What you return should be the lines from the one with "双龙戏珠大圆钵 此钵器型硕大,为一木整挖,圆润饱满,线" through the one with "까르띠에 보증서는 카드" in the data below, reproduced exactly with both ends, and no pictures at all.
-- EXERCISE MATERIAL follows --
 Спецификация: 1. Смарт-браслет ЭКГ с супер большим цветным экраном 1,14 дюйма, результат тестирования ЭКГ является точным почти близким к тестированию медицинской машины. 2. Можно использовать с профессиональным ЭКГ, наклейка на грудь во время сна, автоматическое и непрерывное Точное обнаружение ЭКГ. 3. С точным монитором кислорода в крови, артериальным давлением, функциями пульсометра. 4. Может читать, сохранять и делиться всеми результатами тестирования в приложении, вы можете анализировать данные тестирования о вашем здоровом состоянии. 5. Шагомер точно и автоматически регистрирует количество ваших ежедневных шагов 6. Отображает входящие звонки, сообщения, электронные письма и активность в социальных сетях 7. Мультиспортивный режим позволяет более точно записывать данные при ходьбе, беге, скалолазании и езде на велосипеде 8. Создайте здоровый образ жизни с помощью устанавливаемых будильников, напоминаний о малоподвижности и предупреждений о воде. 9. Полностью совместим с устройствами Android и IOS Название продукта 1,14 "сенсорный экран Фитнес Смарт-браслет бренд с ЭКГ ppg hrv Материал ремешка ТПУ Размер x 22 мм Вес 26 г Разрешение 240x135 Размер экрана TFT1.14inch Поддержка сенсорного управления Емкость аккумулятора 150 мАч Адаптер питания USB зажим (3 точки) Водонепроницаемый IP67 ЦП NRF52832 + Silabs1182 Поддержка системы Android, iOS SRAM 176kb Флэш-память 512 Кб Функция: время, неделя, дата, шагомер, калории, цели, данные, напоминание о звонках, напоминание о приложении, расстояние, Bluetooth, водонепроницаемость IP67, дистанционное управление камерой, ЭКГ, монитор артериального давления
-- EXERCISE MATERIAL concluded --
-- EXERCISE MATERIAL follows --
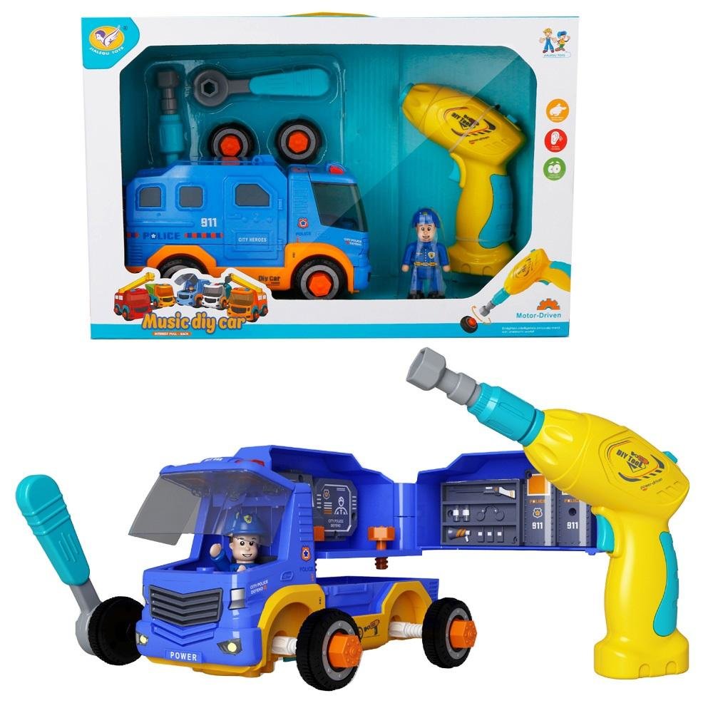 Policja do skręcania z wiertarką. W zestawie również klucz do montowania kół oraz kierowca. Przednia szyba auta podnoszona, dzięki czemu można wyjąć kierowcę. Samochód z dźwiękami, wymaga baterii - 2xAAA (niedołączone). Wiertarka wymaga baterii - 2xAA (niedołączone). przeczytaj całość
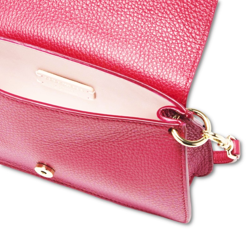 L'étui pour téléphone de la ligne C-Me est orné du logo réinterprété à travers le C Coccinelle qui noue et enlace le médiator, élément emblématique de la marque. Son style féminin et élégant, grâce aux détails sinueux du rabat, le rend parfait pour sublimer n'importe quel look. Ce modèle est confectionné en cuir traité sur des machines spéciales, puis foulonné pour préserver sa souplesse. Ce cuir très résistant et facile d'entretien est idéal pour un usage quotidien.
-- EXERCISE MATERIAL concluded --
-- EXERCISE MATERIAL follows --
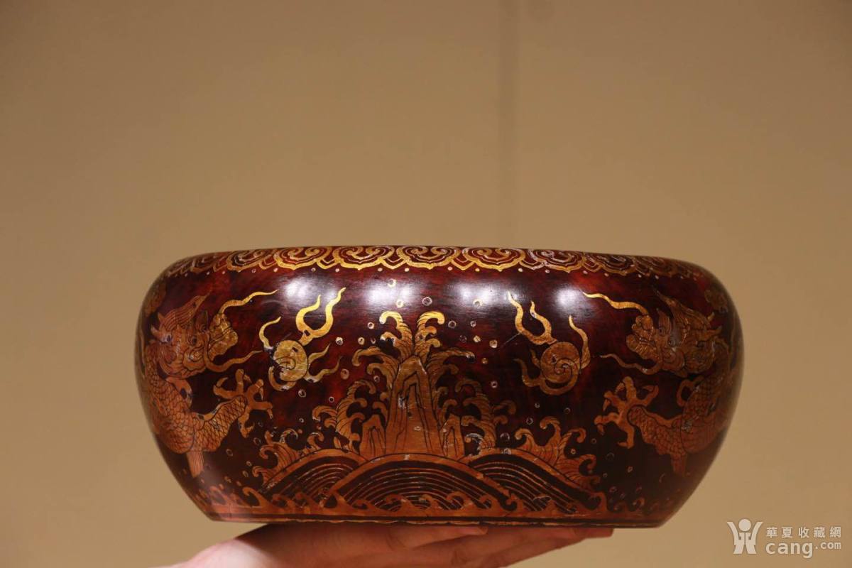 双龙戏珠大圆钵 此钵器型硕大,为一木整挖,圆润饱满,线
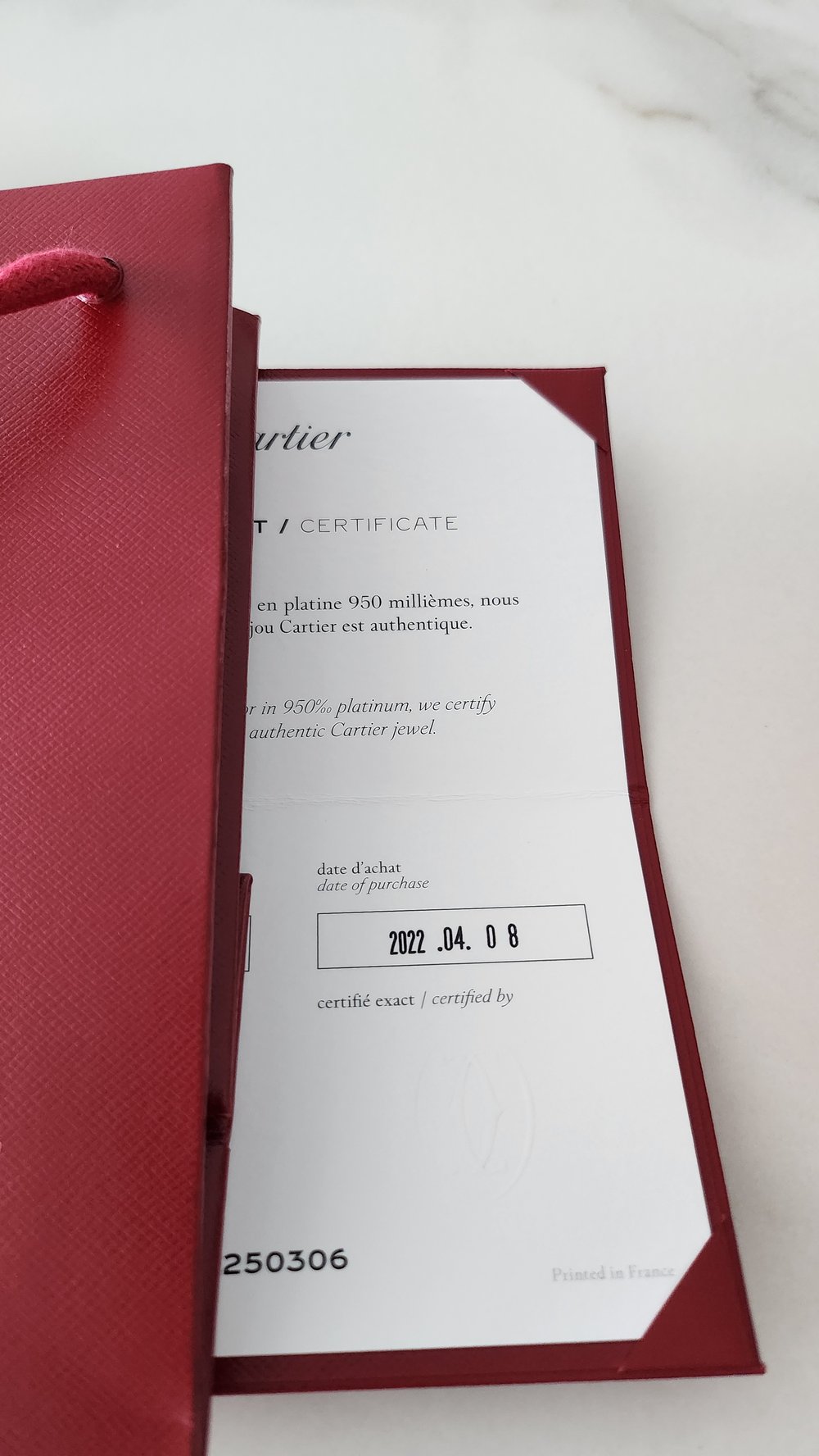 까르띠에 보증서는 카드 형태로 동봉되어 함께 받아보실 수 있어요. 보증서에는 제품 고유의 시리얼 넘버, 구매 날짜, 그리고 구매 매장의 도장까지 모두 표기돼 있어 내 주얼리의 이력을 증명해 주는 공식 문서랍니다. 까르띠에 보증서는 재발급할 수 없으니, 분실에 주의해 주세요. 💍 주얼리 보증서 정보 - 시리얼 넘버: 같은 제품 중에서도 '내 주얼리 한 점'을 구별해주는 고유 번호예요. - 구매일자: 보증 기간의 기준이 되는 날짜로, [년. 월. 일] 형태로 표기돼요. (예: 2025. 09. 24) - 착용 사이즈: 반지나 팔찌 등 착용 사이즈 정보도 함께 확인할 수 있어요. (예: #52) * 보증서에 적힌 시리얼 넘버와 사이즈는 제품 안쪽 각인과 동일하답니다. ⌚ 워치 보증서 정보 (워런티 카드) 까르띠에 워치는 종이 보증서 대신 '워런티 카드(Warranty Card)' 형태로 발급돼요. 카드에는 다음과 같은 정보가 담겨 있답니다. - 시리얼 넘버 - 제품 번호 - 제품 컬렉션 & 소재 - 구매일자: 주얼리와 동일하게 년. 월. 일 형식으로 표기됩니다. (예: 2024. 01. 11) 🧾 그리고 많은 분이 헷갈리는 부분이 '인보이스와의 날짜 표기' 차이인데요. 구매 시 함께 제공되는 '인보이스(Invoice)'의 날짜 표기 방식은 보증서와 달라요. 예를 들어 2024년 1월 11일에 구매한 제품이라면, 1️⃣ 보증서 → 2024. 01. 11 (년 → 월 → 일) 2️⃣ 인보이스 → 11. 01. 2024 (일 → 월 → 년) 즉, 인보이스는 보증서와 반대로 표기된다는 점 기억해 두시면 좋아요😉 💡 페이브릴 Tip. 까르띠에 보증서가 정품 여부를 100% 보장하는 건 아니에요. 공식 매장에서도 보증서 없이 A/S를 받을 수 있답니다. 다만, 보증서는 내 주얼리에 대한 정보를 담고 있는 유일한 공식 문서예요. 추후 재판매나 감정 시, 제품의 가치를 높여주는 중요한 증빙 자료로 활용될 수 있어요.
-- EXERCISE MATERIAL concluded --
◆ SOLUTION FOR THIS PROBLEM:
 双龙戏珠大圆钵 此钵器型硕大,为一木整挖,圆润饱满,线
 까르띠에 보증서는 카드 형태로 동봉되어 함께 받아보실 수 있어요. 보증서에는 제품 고유의 시리얼 넘버, 구매 날짜, 그리고 구매 매장의 도장까지 모두 표기돼 있어 내 주얼리의 이력을 증명해 주는 공식 문서랍니다. 까르띠에 보증서는 재발급할 수 없으니, 분실에 주의해 주세요. 💍 주얼리 보증서 정보 - 시리얼 넘버: 같은 제품 중에서도 '내 주얼리 한 점'을 구별해주는 고유 번호예요. - 구매일자: 보증 기간의 기준이 되는 날짜로, [년. 월. 일] 형태로 표기돼요. (예: 2025. 09. 24) - 착용 사이즈: 반지나 팔찌 등 착용 사이즈 정보도 함께 확인할 수 있어요. (예: #52) * 보증서에 적힌 시리얼 넘버와 사이즈는 제품 안쪽 각인과 동일하답니다. ⌚ 워치 보증서 정보 (워런티 카드) 까르띠에 워치는 종이 보증서 대신 '워런티 카드(Warranty Card)' 형태로 발급돼요. 카드에는 다음과 같은 정보가 담겨 있답니다. - 시리얼 넘버 - 제품 번호 - 제품 컬렉션 & 소재 - 구매일자: 주얼리와 동일하게 년. 월. 일 형식으로 표기됩니다. (예: 2024. 01. 11) 🧾 그리고 많은 분이 헷갈리는 부분이 '인보이스와의 날짜 표기' 차이인데요. 구매 시 함께 제공되는 '인보이스(Invoice)'의 날짜 표기 방식은 보증서와 달라요. 예를 들어 2024년 1월 11일에 구매한 제품이라면, 1️⃣ 보증서 → 2024. 01. 11 (년 → 월 → 일) 2️⃣ 인보이스 → 11. 01. 2024 (일 → 월 → 년) 즉, 인보이스는 보증서와 반대로 표기된다는 점 기억해 두시면 좋아요😉 💡 페이브릴 Tip. 까르띠에 보증서가 정품 여부를 100% 보장하는 건 아니에요. 공식 매장에서도 보증서 없이 A/S를 받을 수 있답니다. 다만, 보증서는 내 주얼리에 대한 정보를 담고 있는 유일한 공식 문서예요. 추후 재판매나 감정 시, 제품의 가치를 높여주는 중요한 증빙 자료로 활용될 수 있어요.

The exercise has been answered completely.